Todo parece transcurrir aquí sin tropiezos y sin problemas, los tranvías circulan pintados de rojo y blanco como la bandera de la patria, la ópera está repleta, con turistas japoneses, estadunidenses, algunos italianos y alemanes y quizá también las mujeres elegantes de los capos de la mafia rusa que viven en los barrios más elegantes de la ciudad. Veo El barbero de Sevilla, de Rossini, con cantantes maravillosos, muy bien actuada, muy divertida, muy aplaudida. Paseo por el parque, recorro el Ring y el Graben o primer distrito y veo la vieja catedral de San Esteban, el recuerdo más nítido que guardaba de mi primera visita a la ciudad, con su techo cubierto de mosaicos y sus piedras sucias; luego la Iglesia Votiva tan ligada a Maximiliano de Austria, le blond Empereur qu'on fusilla la'bˆs, según los versos de Apollinaire; nuestro penacho de Moctezuma, la calle Sigmund Freud, los billetes de 50 chelines que llevan su efigie y una exposición muy bella sobre él en la Biblioteca Nacional, al lado otra sobre Felice Bauer, la novia de Kafka, la del Otro proceso de Kafka, de Canetti; cerca de allí, en la calle Dorotheum, el museo judío con una exposición sobre Karl Kraus.
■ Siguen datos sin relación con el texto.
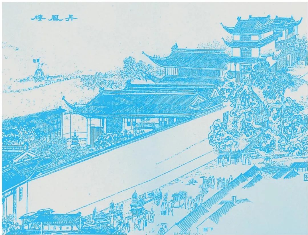而丹凤楼早在南宋就有,是当时天后宫内的一座楼,上海镇市舶司使陈珩为其书匾,然而至元末楼毁匾存。明万历初年,有人建议将丹凤楼重建于万军台上,并将陈珩之匾额献出。由于丹凤楼是“殿、台、楼、阁”中最高的一座,登楼远眺黄浦江、端午登高观赏大赛龙舟的最佳地点,于是“凤楼远眺”就被列为“沪城八景”之一。

En la ópera La juive de Halévy y para equilibrar la próxima semana Los nibelungos, de Wagner; en el teatro, La hija del aire, de Calderón; Las Bacantes de Eurípides y una obra de Schnitzler. En el Museo de arte los Breughel y los Velázquez, en el Belvedere, Klimt y Schiele. El mes próximo estará aquí el pianista Alfred Brendel, ¡qué curioso es leer el anuncio y recordar al mismo tiempo la animadversión que le profesaba Thomas Bernhard en su novela sobre Glenn Gould!

La armonía es perfecta, aquí no pasa nada: en una calle de repente, junto a una clínica donde se practican abortos (permitidos por la ley), una oficina de Pro Vida austriaca, fetos en diversos estados de su desarrollo acusan a quienes osan interrumpir el embarazo.

Nada es peligroso, ni mi resfrío que quizá muy pronto se convierta en neumonía.